Showing busy workqueues and worker pools:
workqueue events: flags=0x0
  pwq 0: cpus=0 node=0 flags=0x0 nice=0 active=7/256 refcnt=9
    in-flight: 1802201963:.work_for_cpu_fn BAR(409)
    pending: .dbs_work_handler, .vmstat_shepherd, .once_deferred, .once_deferred, .once_deferred, .kfree_rcu_monitor
workqueue events_power_efficient: flags=0x80
  pwq 0: cpus=0 node=0 flags=0x0 nice=0 active=1/256 refcnt=2
    pending: .fb_flashcursor
workqueue mm_percpu_wq: flags=0x8
  pwq 0: cpus=0 node=0 flags=0x0 nice=0 active=1/256 refcnt=2
    pending: .vmstat_update
workqueue pm: flags=0x4
  pwq 0: cpus=0 node=0 flags=0x0 nice=0 active=1/256 refcnt=2
    pending: .pm_runtime_work
[...]
Comment 1 Erhard F. 2022-01-01 14:37:04 UTC
Created attachment 300197 [details]
kernel .config (kernel 5.16-rc7, Talos II)
Comment 2 Alex Deucher 2022-01-03 15:10:37 UTC
does appending amdgpu.runpm=0 on the kernel command line help?
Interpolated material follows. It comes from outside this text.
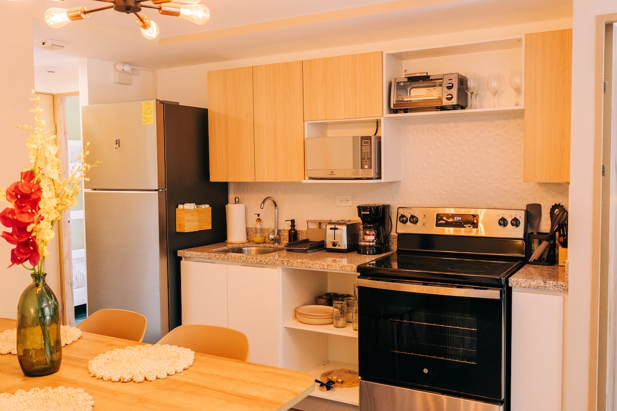 Desfrute deste belo, confortável e central apartamento de 2 quartos com um estilo minimalista; localizado em Santa Tecla, numa das áreas mais exclusivas do país. Perto de shoppings, restaurantes, farmácias e supermercados. Este apartamento é ideal para até 3 pessoas e inclui 1 estacionamento interno, acesso a trilhas para caminhadas, parque e academia na interperie. Temos internet de 100 Mbps ideal para Home Office, Smart TV com Netflix, máquina de lavar e secar roupa.

Comment 3 Erhard F. 2022-01-03 15:26:56 UTC
(In reply to Alex Deucher from comment #2)
> does appending amdgpu.runpm=0 on the kernel command line help?
I doubt it as amdgpu is not even built (# CONFIG_DRM_AMDGPU is not set, see attached .config).

The card in question is a Radeon HD 6670 using the radeon drm module. Sorry I forgot to mention that!
Comment 4 Erhard F. 2022-08-26 14:36:28 UTC
Have not seen this since quite a few stable kernel releases on the same hardware. I think it's save to close here.